In an interview with the BBC’s Middle East editor Jeremy Bowen, he said Syria was working to prevent a regional war.
But he added that there was no chance of a peace deal with the current Israeli administration,
which he called a “pyromaniac government”.
Mr Assad also rejected claims he was arming Hezbollah militants in Lebanon.
Nine Turkish activists died during last month’s raid on the Free Gaza ships attempting to break Israel’s blockade of the Gaza Strip.
Asked if the Israeli raid had increased the chance of war in the Middle East, Mr Assad said: “Definitely, definitely.”
“When you don’t have peace, you have to expect war every day, and this is very dangerous,” he said.
Israel has set up an inquiry into the raid after rejecting a United Nations proposal for an international investigation,
but Turkey has said that it has no confidence in the impartiality of the investigation.

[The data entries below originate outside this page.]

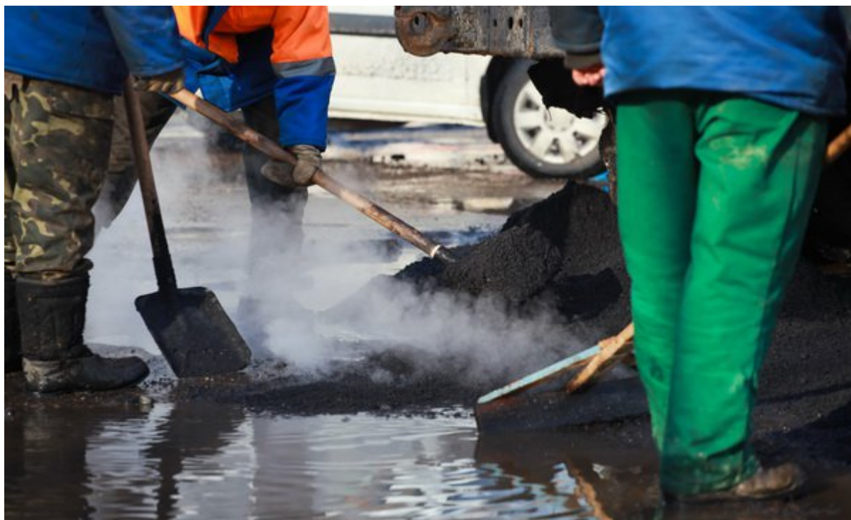
Рис. 2. - Пример неэффективного производственного процесса

исполняемостью решений и приемке готовой отчетности. При этом эффективный анализ отчетности не проводится, все внимание сводится к внешним показателям, часто совершенно формальным и априори несвязанным с истинным положением дел. На местах же контроль за экономической целесообразностью функционирования компанией отдан на откуп низовому звену руководителей, а то и вовсе исполнителей, которые не имеют ни возможности, ни полномочий представить картину в целом и структурировать ее в единую целенаправленную систему. В результате компания функционирует по принципу сиюминутной прибыли, при которой все задействованные участники функционального процесса заинтересованы только в краткосрочном результате, оправдывающем их личные затраты. Яркий пример показан на фотографии (рис.2)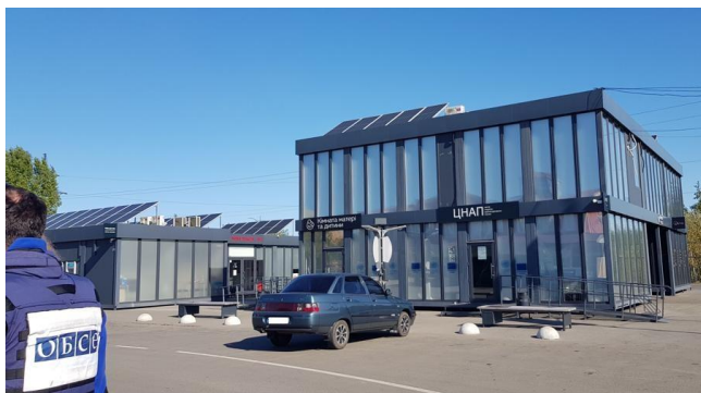
Модульный центр предоставления административных услуг на КПВВ у подконтрольного правительству Счастья Луганской области, октябрь 2021 г.

В течение отчетного периода наблюдатели фиксировали проведение строительных работ в пунктах пропуска возле Золотого и в районе Счастья, в частности, на КПВВ и на соответствующих блокпостах вооруженных формирований 48 . СММ отметила, что КПВВ возле Золотого и в Счастье были открыты с ноября 2020 года, однако соответствующие блокпосты вооруженных формирований южнее участка разведения в районе Золотого и в 3 км к юго-востоку от моста в Счастье по-прежнему были закрыты.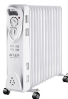
OIL-FILLER RADIATOR AD 7811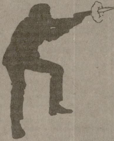
ευθύνη της επίθεσης κατά του προέδρου της ΓΣΕΕ Γιώργου Ραυτοπούλου. Ο νεκρός εισαγγελέας σύμφωνα με χθεσινοβράδυνες πληροφορίες κατείχε την εισαγγελική έδρα στην υπόθεση έκδοσης του Μασουρίτσιο Φολίνι τον οποίο εκζητούσαν οι Ιταλικές Δικαστικές Αρχές. Ο Βενάρδος είχε προτείνει τότε να εκδοθεί ο Φολίνι υποστηρίζοντας ότι τα εγκλήματα για τα οποία κατηγορείται δεν ήταν πολιτικά. Ο ίδιος επίσης είχε αναλάβει την υπόθεση αναψιλάφησης της Άννας Τσάμπαν.

Ο Βενάρδος ήταν παντρεμένος και είχε τρία παιδιά, δύο κορίτσια 22 και 23 αντίστοιχα και ένα αγοράκι 14 ετών. Σύμφωνα με καταθέσεις αυτόπτων μαρτύρων δύο νεαροί περιμένον στην περιοχή απ' όπου θα περνούσε ο Αντεισαγγελέας περίπου 20 λεπτά. Ο ένας απ' αυτούς ήταν πάνω στην μοτοσυκλέτα και ο άλλος έκοβε βόλτες. Μόλις ο τελευταίος πυροβόλησε τον Αντεισαγγελέα ανέβηκε στη μηχανή και μαζί με τον άλλο εξαφανίστηκαν. Στον τόπο του εγκλήματος λίγα λεπτά αργότερα αστυνομικός περιπολικός βρήκε την προκήρυξη με την οποία οργάνωση «1η ΜΑΗ» αναλάμβανε την ευθύνη.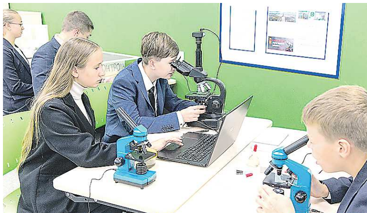
Одно из мероприятий кванториума – конкурс творческих проектов

Как рассказали «ОГ» в гимназии, в новом технопарке регулярно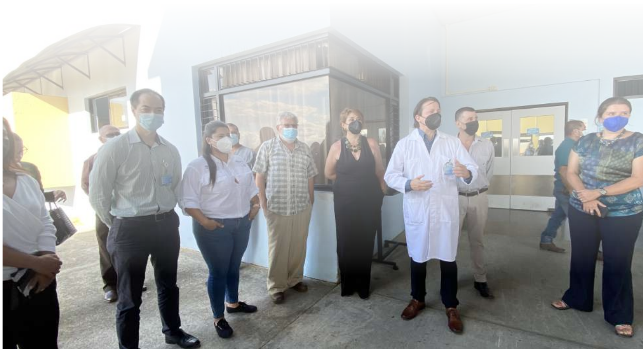
Maternidad y Pediatría San Vito, Coto Brus, Costa Rica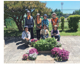
▲花みどりサポーターズ敷島の皆さん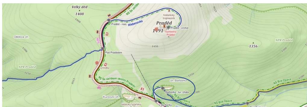
Obrázek 5 Chata Barborka na mapě ( https://mapy.cz/turisticka?planovani-trasy&x=17.2324533&y=50.0796382&z=15&l=0 )

Po přibližně 2 kilometrech se dostaneme k chatě Barborce (zobrazena na mapě na obrázku 5), odkud se budeme držet ukazatele a po modré se vydáme směrem k Pradědu. Cesta již zdaleka nevede lesem a je tvořena asfaltem (viz obrázek 6). Dokonce i v pozdních jarních měsících je možné se místy setkat s pozůstatky neroztátého sněhu. Co se flóry týče, s přibývajícím nadmořskou výškou ubývá i počet stromů, které nahrazují drobnější dřeviny. Po chvíli dojdeme k rozcestníku Praděd, který se nachází 1420 m n. m., odtud nám bude zbývat pouhý kilometr, k pokoření vrcholu. V tuto chvíli před námi bude vrchol hory jasně viditelný (viz obrázek 7).

“[The raid has] destroyed any chance for peace in the near future,” Mr Assad said.
“Mainly because it proved that this government is another pyromaniac government, and you cannot achieve peace with such [a] government.”
The current Israeli administration of Prime Minister Benjamin Netanyahu was “different from any previous Israeli government”, Mr Assad said.
He said there had been indications before the raid on the Gaza flotilla about “their intentions towards peace, their intentions towards the Palestinians, their intentions to kill Palestinians”.
Mr Assad denied that he was sending weapons to the Hezbollah movement in Lebanon, which fought a month-long war with Israel in 2006.
He said he was happy to do business with the United States, but insisted that Iran would remain an ally.
And he added that Turkey, which had been mediating between Syria and Israel, was unlikely to do so now following the flotilla raid – unless the Israeli government changed.
“The Turks never attacked Israel, never smuggled weapons, never did anything harmful to Israel.
They only worked for peace,” he said.
Syria had been in indirect talks with the former Israeli government of Ehud Olmert in 2008 until Mr Olmert resigned, facing corruption charges.
In recent months US foreign policy worked on the assumption that persuading Syria to come on board with them would be a piece of “low-hanging fruit” in the region, our correspondent says.
But now it is becoming apparent that gaining the support of Syria to help fix the Middle East peace process will not be easy at all, he adds.
The US has offered to drop five year-long sanctions against Syria in return for Syria dropping its ties with regional ally Iran.